◆ Exercise inputs ◆
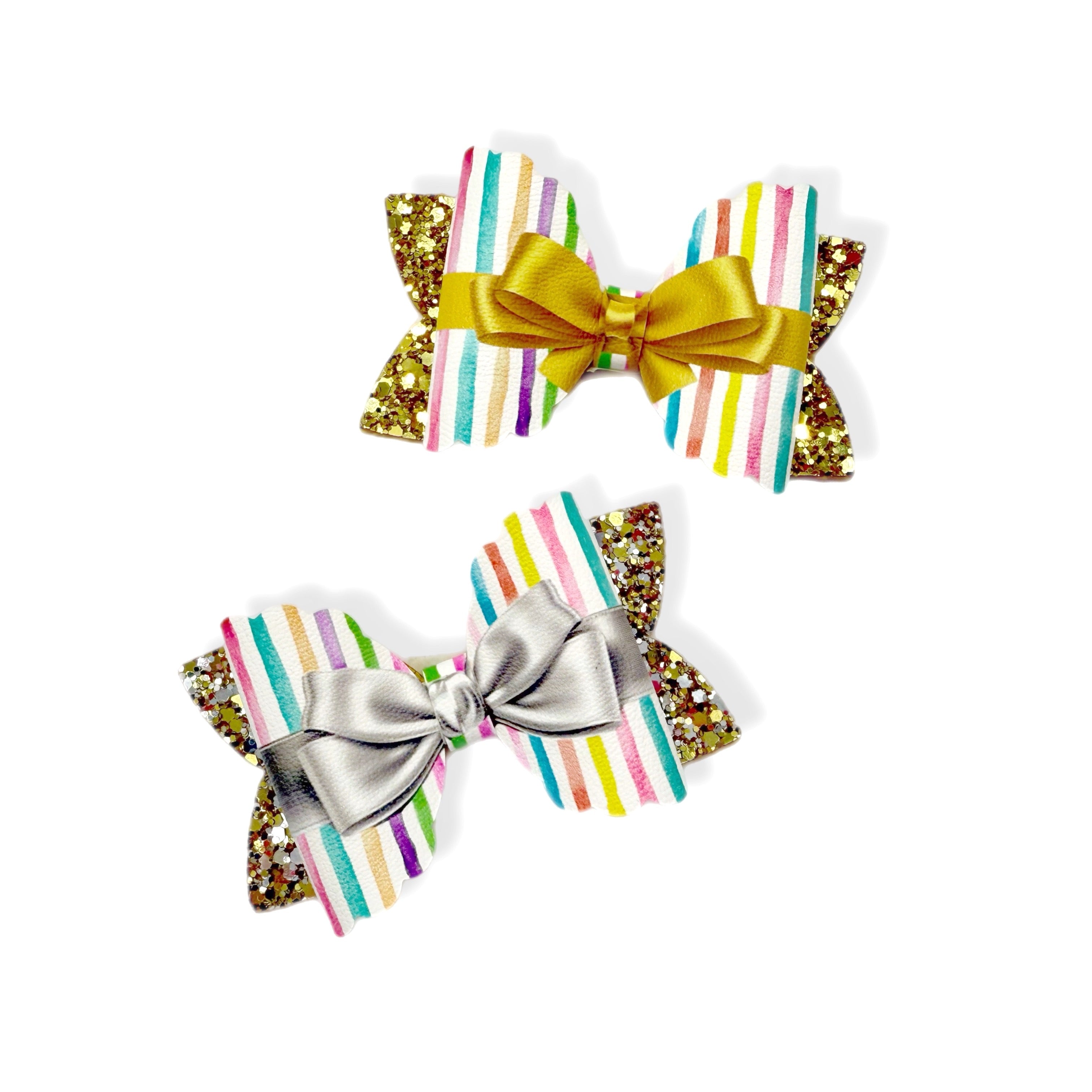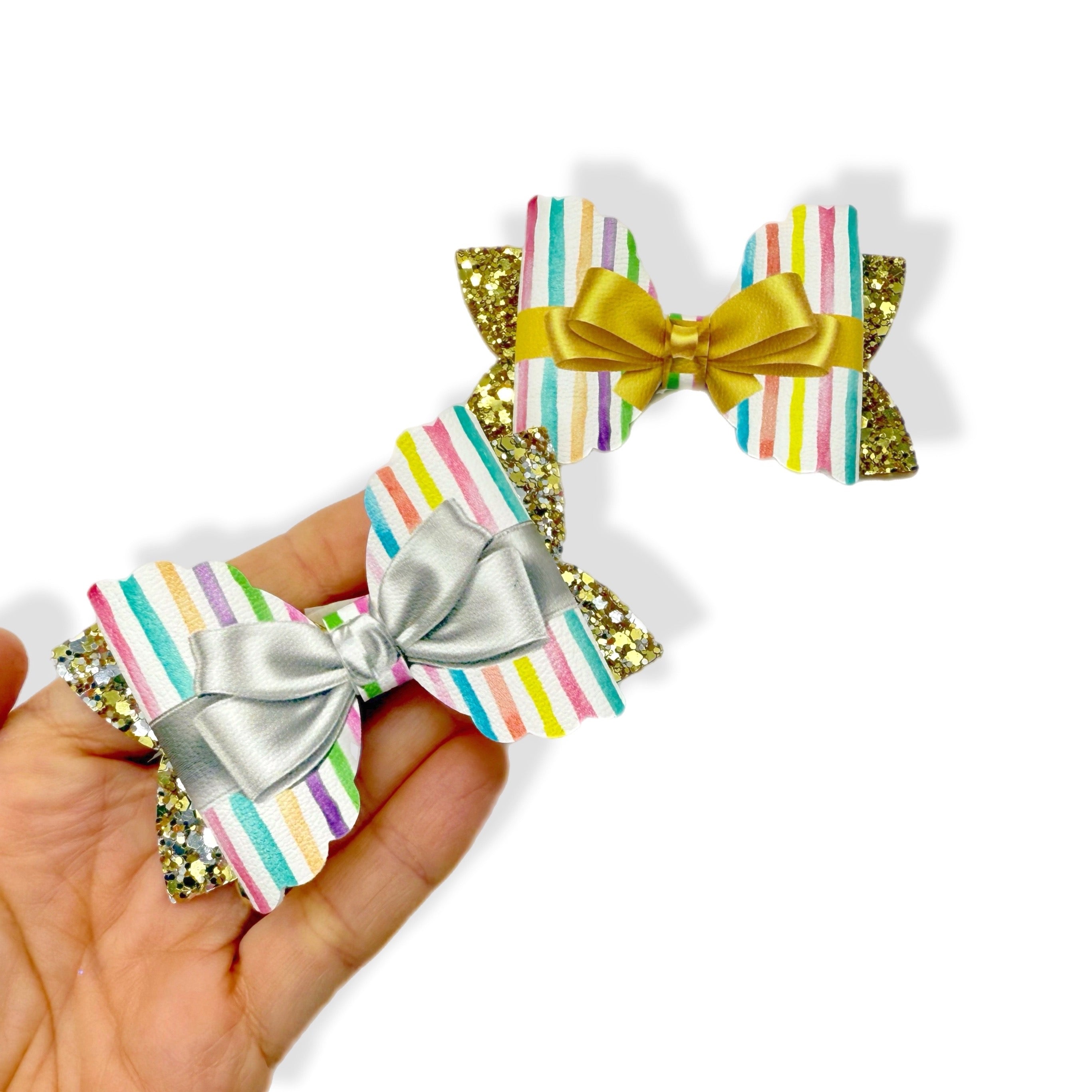 RAINBOW PARTY STRIPES RIBBON BOW 3.5” | PRE CUT DIY HAIR BOW LOOPS
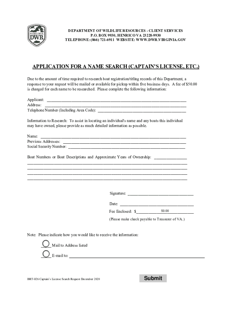 DEPARTMENT OF WILDLIFE RESOURCES CLIENT SERVICES P.O. BOX 9930, ENRICO VA 232289930 TELEPHONE: (866) 7216911 WEBSITE: WWW.DR.VIRGINIA.APPLICATION FOR A NAME SEARCH (CAPTAIN IS LICENSE, ETC.) Due to
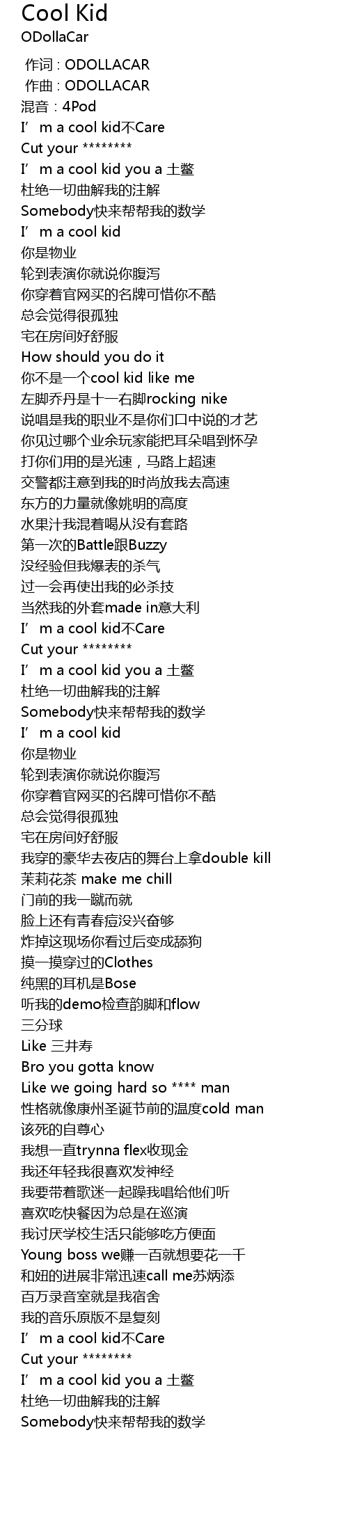 | [00:14.068] | I' m a cool kid you a tǔ biē |
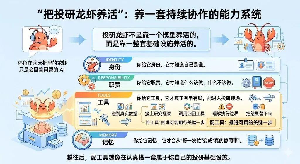 如果把这件事说得更直白一点,想把一只投研龙虾养活,通常绕不开四步:
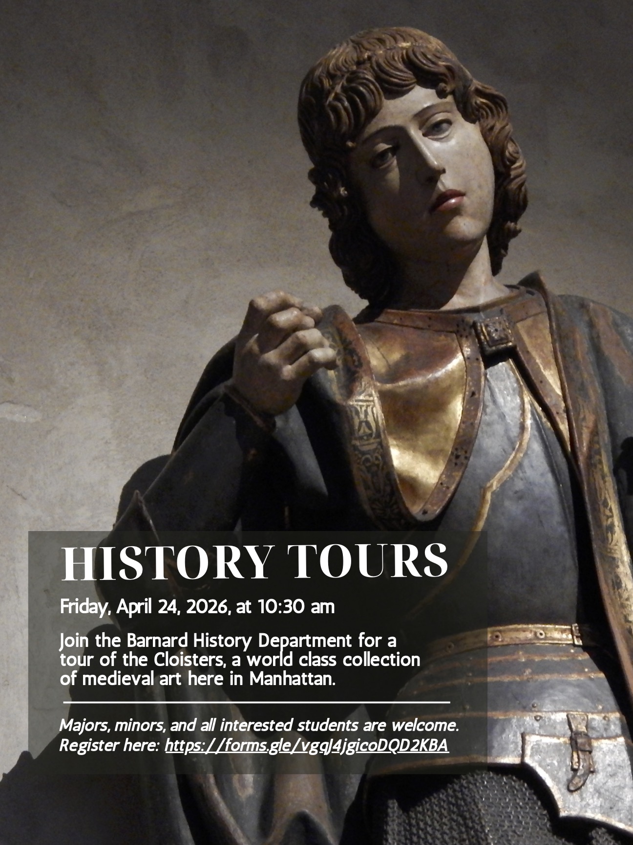 Join the Barnard History Department for a guided tour of the Met Cloisters! This is a world-class collection of medieval art just a short hop away.

◆ Work task ◆
Without including any pictures, output all the entries above exactly.

◆ Expected answer ◆
 RAINBOW PARTY STRIPES RIBBON BOW 3.5” | PRE CUT DIY HAIR BOW LOOPS
 DEPARTMENT OF WILDLIFE RESOURCES CLIENT SERVICES P.O. BOX 9930, ENRICO VA 232289930 TELEPHONE: (866) 7216911 WEBSITE: WWW.DR.VIRGINIA.APPLICATION FOR A NAME SEARCH (CAPTAIN IS LICENSE, ETC.) Due to
 | [00:14.068] | I' m a cool kid you a tǔ biē |
 如果把这件事说得更直白一点,想把一只投研龙虾养活,通常绕不开四步:
 Join the Barnard History Department for a guided tour of the Met Cloisters! This is a world-class collection of medieval art just a short hop away.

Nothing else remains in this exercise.